■ Exercise goal
Repeat the span of the entries below that starts at the line with "为回顾和总结学生们在前三周社" and ends at the line with "FILO ORO BOT101", nothing more. Skip the pictures.

** Opening Data shown block **

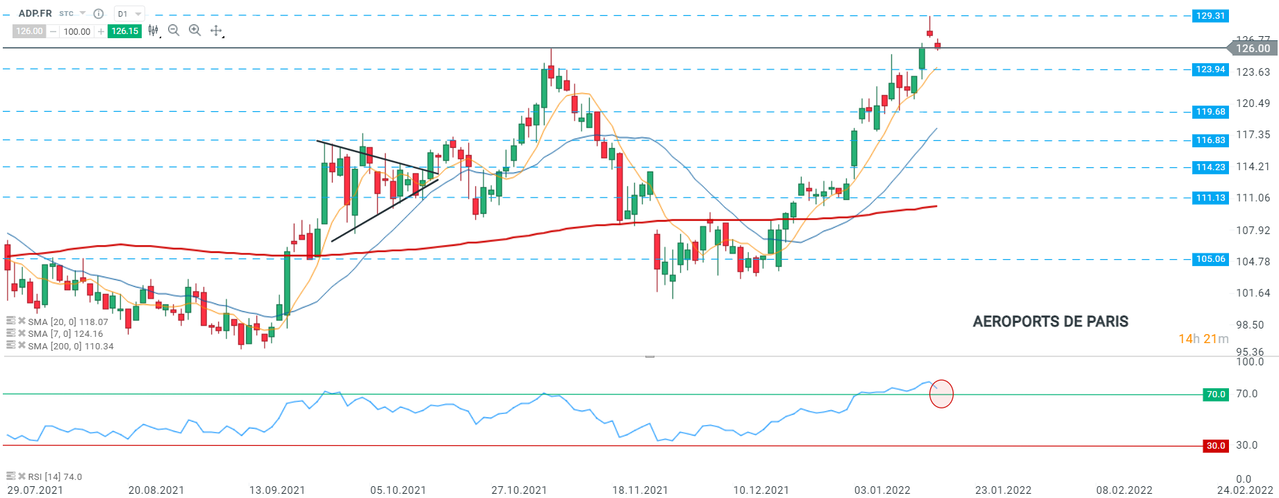 Les cours d’Aéroports de Paris (ADP.FR) ont ouvert à la baisse, les nouvelles négatives sur de nouvelles restrictions liées au Covid continuent de peser sur le secteur aérien. Au moment de la rédaction de ces lignes, les cours se dirigent vers le niveau de support à 123,94. D’un point de vue technique, on remarque que le RSI s’apprête à franchir à la baisse la zone de surachat de 70, ce qui fournirait un signal de vente. Toutefois, toute nouvelle relative à l’amélioration de la situation sanitaire pourrait inverser la tendance et le mouvement haussier pourrait alors reprendre en direction de la résistance à 129,31. Source : xStation5
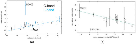 Galaxy-scale height correlations from [27]. (a) Scale heights increase with the radio diameter of the galaxy. (b) Normalized scale heights decrease with the mass surface density of the underlying disk.
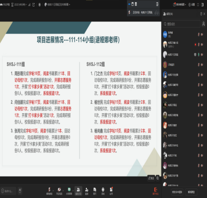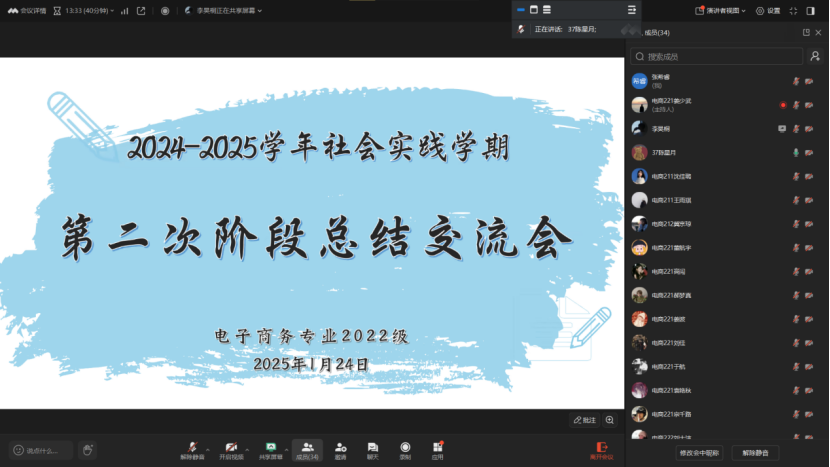 为回顾和总结学生们在前三周社会实践过程中的经验和收获,并为接下来的实践活动提供指导和建议。特此,电子商务专业于1月24日下午在线上开展“社会实践学期中期阶段总结”会议。本次会议由辅导员老师陈星月主持,电子商务专业22全体级组长、生涯导师和党员学长参加。
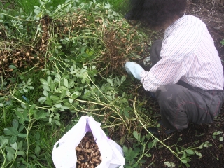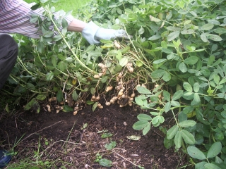 | ピーナッツの収穫も始めました。 写真のように、幹から落ちた花が地下に実をつけるという「落花生」です。 時期的にはちょっと早めだったようで、中の皮がまだ白いままのものが多かったようです。 |
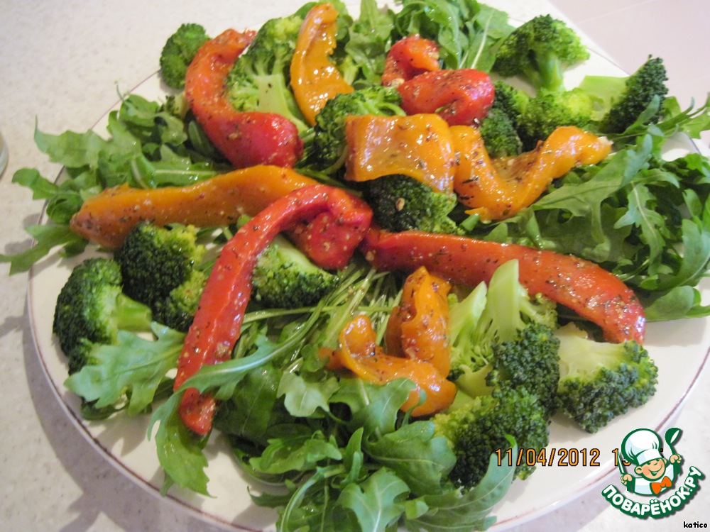 На тарелку выложить секторами рукколу и остывшую брокколи.
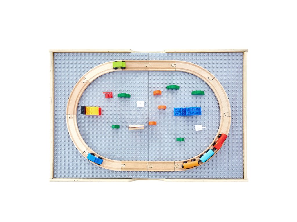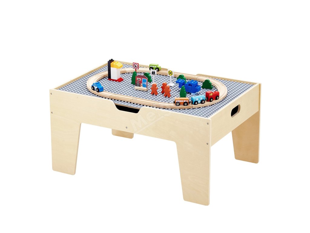 Tento všestranný stůl na hraní obsahuje dvě oboustranné desky a šedý podstavec, který slouží jako stolek na stavění kostek, stolek na hraní s vláčky, stolek na písek, studijní stolek nebo stolek na psaní křídou. Je kompatibilní s hlavními značkami kostek a představuje praktickou, prostorově úspornou variantu pro zábavu v domácnosti.
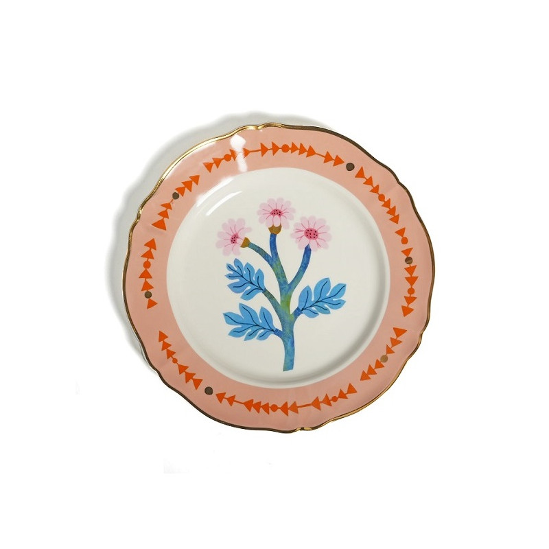 • PIATTO PIANO 26,5 CM, BOTANICA ROSA FILO ORO BOT101
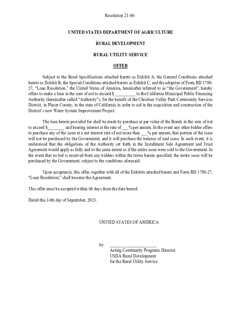 Resolution 2106 UNITED STATES DEPARTMENT OF AGRICULTURE RURAL DEVELOPMENT RURAL UTILITY SERVICE OFFER Subject to the Bond Specifications attached hereto as Exhibit A, the General Conditions attached
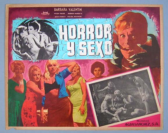 Beautiful Mexican jumbo lobby card (12x15.5") from the 1962 Italian horror film, THE PLAYGIRLS AND THE VAMPIRE, which starred Walter Brandi, Lila Rocco, Alfredo Rizzo and Maria Giovannini. Notice how they made the vampire look like German Robles, to try to attract a biggest Mexican audience. $20 each |
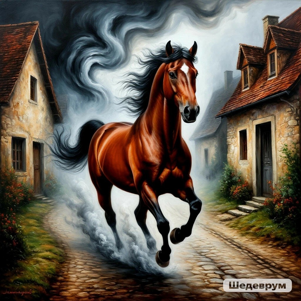 Из-за поворота показался гнедой конь. Каким же он был красавцем! Масть – словно закатное солнце, отблескивающее в полированной бронзе. Густая грива волнами развевалась на бегу. Ноги – сильные, пружинистые. Копыта отбивали четкий ритм по асфальту.
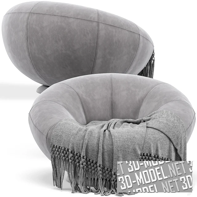 Уютное кресло Groovy, изготовленное в сотрудничестве West Elm с Pottery Barn Teen. Подходит для чтения, просмотра фильмов или видеоигр, просто отдыха. Имеет миниатюрный и низкий силуэт и поворотный механизм на 360 градусов для удобства перемещения. Кресло обтянуто текстилем серого цвета. На сиденье небрежно брошен серый плед с длинной бахромой.
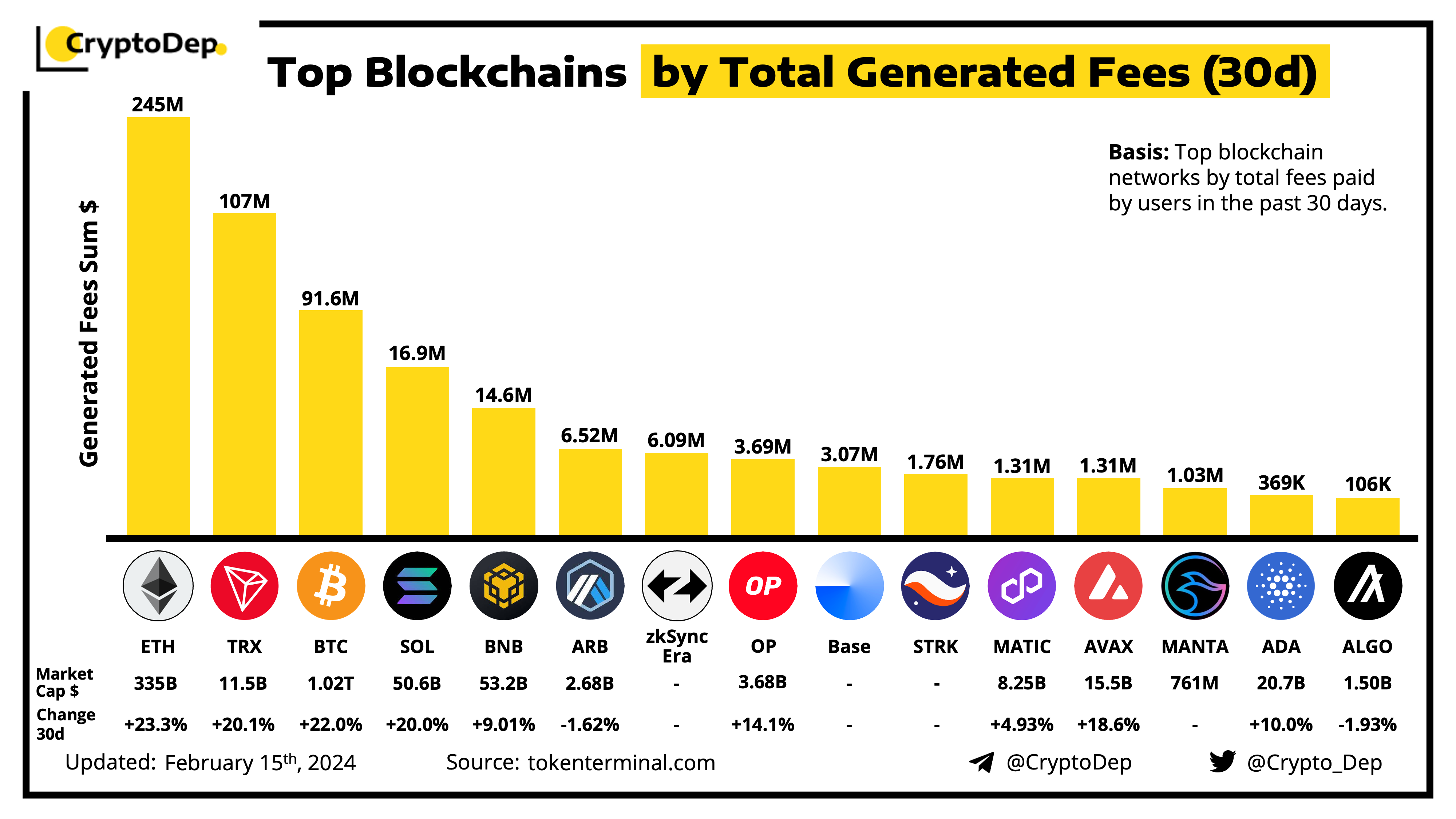 Let's take a look at the ranking of top blockchain networks by total fees paid by users in the past 30 days, according to the data from Tokenterminal.

** Closing Data shown block **

■ Answer to the exercise
 为回顾和总结学生们在前三周社会实践过程中的经验和收获,并为接下来的实践活动提供指导和建议。特此,电子商务专业于1月24日下午在线上开展“社会实践学期中期阶段总结”会议。本次会议由辅导员老师陈星月主持,电子商务专业22全体级组长、生涯导师和党员学长参加。
 | ピーナッツの収穫も始めました。 写真のように、幹から落ちた花が地下に実をつけるという「落花生」です。 時期的にはちょっと早めだったようで、中の皮がまだ白いままのものが多かったようです。 |
 На тарелку выложить секторами рукколу и остывшую брокколи.
 Tento všestranný stůl na hraní obsahuje dvě oboustranné desky a šedý podstavec, který slouží jako stolek na stavění kostek, stolek na hraní s vláčky, stolek na písek, studijní stolek nebo stolek na psaní křídou. Je kompatibilní s hlavními značkami kostek a představuje praktickou, prostorově úspornou variantu pro zábavu v domácnosti.
 • PIATTO PIANO 26,5 CM, BOTANICA ROSA FILO ORO BOT101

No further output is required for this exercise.